Dr. Morningstar, in a previous conversation, recalls a patient who actually tried to talk with her lips covering her teeth the majority of the time, because they were badly stained.

Bleaching isn’t really just a cosmetic procedure. It’s more like the process of growing up and realizing there are times when blue jeans just won’t do – it’s time to bring out the business suit, or maybe even the tuxedo.

People who make their living meeting the public – sales representatives, public speakers, on-air personalities, models – consider bleaching their teeth a natural part of grooming.

Think about these facts:

  • Something – from chocolate to tobacco, coffee, tea, smoking, red wine, and even raspberry and blueberry jams – is going to discolor your teeth. Your teeth are not impervious enamel – their surface is porous.

  • You can include tetracycline in the list of things that can stain your teeth. If your doctor regularly prescribed that antibiotic for you prior to your teenage years, before your teeth matured, then your teeth probably have a grayish cast to them. That’s the result of the antibiotic, and for a dentist it’s one of the most challenging stains to remove. It’s called an intrinsic stain.

  • “Age stains are the easiest to remove,” Dr. Gustafson says. “The stains people acquire as a part of living their lives can be corrected remarkably easily.”

  • Many drug stores, among other places (The Journal of the Michigan Dental Associaton noted a hair salon in Michigan was featuring bleaching services), offer bleaching products ranging from rinses to kits where a mold of the teeth is made, so users can load the product into the mold and wear it overnight. The journal’s position is that while these products may in fact be endorsed by the American Dental Association, they still require a skilled, trained individual to guarantee good results.

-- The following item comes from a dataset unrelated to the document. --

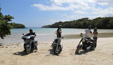 Tuvimos la oportunidad de galopar a lomos de una H-D Dyna Street Bob por los alrededores de Punta Cana, tocando playa e interior. Hicimos parada en una paradisíaca playa de las más recomendables de aquella zona porque está virgen de hoteles: Macao es su nombre, no lo olvides, por sus aguas turquesas y suaves olas para aprender a surfear, rodeada de un palmeral, te cautivará, te lo aseguro.

As the journal says, “It affirms dentistry’s conviction that the performance of teeth bleaching that involves the taking of intraoral impressions for the purpose of fabricating a custom bleaching tray and the dispensing of a bleaching tray is solely within the scope and practice of dentistry.”

Just because your hair stylist can lighten your hair doesn’t mean he or she can lighten your teeth. Crowns, veneers and caps will respond differently to bleaching – these are things your dentist will know, but your hair stylist probably will not.

A bad haircut will grow out in about four weeks. A bad bleach job on your teeth will last a lot longer, and cost a lot more to fix.

Dr. Gustafson says most bleaches have a common base of hydrogen peroxide; some use carbamide peroxide. It takes an expert to determine the best preparation for the client. “The chemicals are similar, but they are not the same,” Dr. Gustafson says.

It’s been Dr. Gustafson’s experience that clearly noticeable results happen very rapidly with bleaching. “We’re talking 10-14 days to a bright smile with the preparations we use,” he says.